This invention relates to a scanning electron microscope (SEM) which can observe minute objects on the surface of a specimen.
A scanning electron microscope (SEM) scans a specimen with electron beams, detects secondary electrons emitted from the specimen as the result of bombardment by electron beams, and displays a secondary electron image representing the scanned objects on a display screen. This technology is also used for observation of minute structures in semiconductor manufacturing fields. Recently, as semiconductor devices have quickly become smaller and smaller, objects and defects on specimens have also become much smaller. They are too small to be searched and detected by conventional optical object/defect investigating devices and the like. Their resolutions have almost reached the limits of searches and observations of objects and defects. In production of such minute semiconductor devices, foreign objects and defects of micro sizes on silicone wafers may cause errors and problems. Further each silicone wafer has a lot of objects and defects to be observed (e.g. some tens to some hundreds. For detailed investigation of these objects and defects, the semiconductor manufacturers have been longing for means for automatic observation and investigation which combine an Auto Defect Review (ADR) function by a scanning electron microscope (SEM) and an Auto Defect Classification (ADC) function which automatically classifies objects and defects detected by the ADR function.
Usually to observe such minute objects and defects, the SEM takes the steps of locating objects and defects on each wafer in advance by another inspection system, searching and observing them according to the coordinate data of their positions. However, substantially, there is a slight difference between the coordinates system of the inspection system and the coordinates system of the SEM and this difference (error) is one of the factors which prevent automation of investigation of objects and defects by the SEM. Usually, the SEM magnifies the secondary electron image of objects and defects of submicron sizes by at least 5000 times to display it on the screen of the SEM. Naturally, the size of the SEM screen is limited and the area you can investigate at a time is also limited. Therefore, if the positional data of an object or defect obtained by the inspection system contains a large error, the image of the object or defect may not be In the SEM screen. For example, you can observe an area of only 40 μm square at a time on the SEM screen of 200 mm square at a magnification of ×5000. If the object/defect coordinate data obtained by the inspection system contains an error of ±20 μm or more, the image of the object/defect is not in the screen area and you cannot find it.

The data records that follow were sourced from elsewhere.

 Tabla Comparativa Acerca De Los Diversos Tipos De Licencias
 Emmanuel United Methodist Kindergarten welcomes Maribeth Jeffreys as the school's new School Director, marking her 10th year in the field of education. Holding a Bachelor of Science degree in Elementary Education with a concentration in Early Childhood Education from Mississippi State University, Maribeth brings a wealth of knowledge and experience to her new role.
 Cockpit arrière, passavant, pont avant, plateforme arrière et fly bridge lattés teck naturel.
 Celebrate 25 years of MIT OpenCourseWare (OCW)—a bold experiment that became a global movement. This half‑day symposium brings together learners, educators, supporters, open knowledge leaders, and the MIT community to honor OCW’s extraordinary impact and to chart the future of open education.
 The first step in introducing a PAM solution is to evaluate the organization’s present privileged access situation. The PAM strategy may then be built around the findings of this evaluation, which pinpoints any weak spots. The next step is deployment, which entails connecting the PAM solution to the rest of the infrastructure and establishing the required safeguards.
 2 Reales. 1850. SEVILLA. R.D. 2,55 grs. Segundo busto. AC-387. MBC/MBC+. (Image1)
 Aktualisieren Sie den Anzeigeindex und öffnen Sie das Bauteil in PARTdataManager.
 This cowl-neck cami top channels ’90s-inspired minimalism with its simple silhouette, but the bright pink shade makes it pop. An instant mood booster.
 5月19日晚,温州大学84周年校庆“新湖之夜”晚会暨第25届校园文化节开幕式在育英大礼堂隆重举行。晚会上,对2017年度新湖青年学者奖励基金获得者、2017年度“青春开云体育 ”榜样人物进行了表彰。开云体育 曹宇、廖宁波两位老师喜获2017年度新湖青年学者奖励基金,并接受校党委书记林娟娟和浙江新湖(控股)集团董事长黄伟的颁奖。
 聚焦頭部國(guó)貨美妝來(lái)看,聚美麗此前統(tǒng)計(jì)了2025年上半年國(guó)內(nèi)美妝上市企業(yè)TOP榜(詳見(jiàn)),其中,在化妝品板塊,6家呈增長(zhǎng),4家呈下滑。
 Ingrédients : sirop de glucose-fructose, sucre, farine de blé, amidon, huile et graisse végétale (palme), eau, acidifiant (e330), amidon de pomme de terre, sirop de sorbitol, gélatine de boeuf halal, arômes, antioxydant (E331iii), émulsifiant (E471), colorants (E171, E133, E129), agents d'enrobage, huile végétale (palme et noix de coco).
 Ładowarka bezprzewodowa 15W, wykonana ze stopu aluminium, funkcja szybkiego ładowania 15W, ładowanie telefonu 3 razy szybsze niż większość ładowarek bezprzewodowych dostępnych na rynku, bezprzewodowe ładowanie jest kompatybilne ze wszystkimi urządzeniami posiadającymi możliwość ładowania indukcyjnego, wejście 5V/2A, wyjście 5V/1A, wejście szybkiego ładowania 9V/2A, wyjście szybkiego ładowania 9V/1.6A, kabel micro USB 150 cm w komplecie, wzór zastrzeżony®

One of methods to solve the above problem comprises the steps of obtaining coordinate data of objects or defects of known sizes on a test specimen by an inspection system, obtaining the coordinate data of the objects or defects on the test specimen in the SEM coordinates system, determining a coordinate converting expression to minimize their coordinate difference, and using this expression for fine positional adjustment. However, if the correction is made by objects or defects which are selected at random, the correction values may be various and the result of correction will not always be assured. To solve such as problem, Japanese Non-examined Patent Publications H11-167893 (1999) (titled “Scanning electron microscope”) discloses a method of automatically re-calculating a coordinate converting expression using only objects or defects close to a new position on a wafer when the wafer is moved. This method is expected to give a high accuracy of correcting coordinates because objects or defects which are close to each other have a very similar coordinate error.
However, there is no means to check whether the coordinates are corrected to the expected frequency of occurrence of objects (assuming that all objects on the screen can be detected by the ADR). If the frequency of occurrence was low in an actual automatic measurement, the operator had to increase points of measurement for fine adjustment, increase the accuracy of correction of coordinates, and measure again. If an error of some tens micrometers is corrected down to some micrometers, objects and defects can be caught for observation. However, for accurate classification of objects and defects, images of a higher magnification are required. A typical manual detection of an object or defect after correction of coordinates by a fine adjustment comprises the steps of observing the specimen for an object or defect at a low magnification, moving the object or defect to the center of the screen, and increasing the magnification. An automatic object/defect detecting method comprises the following steps:
Measuring the locations of an object or defect on a wafer in advance by the other inspection system, moving the stage to the position of the object or defect according to the coordinate data obtained by the measurement, taking an image of the area including the object or defect at a preset low magnification (for searching), comparing this image by a normal pattern image which was obtained at the same magnification in advance, and thus detecting the object or defect. For investigation of objects or defects on a patterned wafer, the above detecting method further comprises the steps of taking an image of a pattern element (called “die”) next to the pattern element including this object or defect at the same coordinates, comparing these images, moving the stage until the object or defect comes to the center of the screen, and shooting the object or defect at a preset high magnification.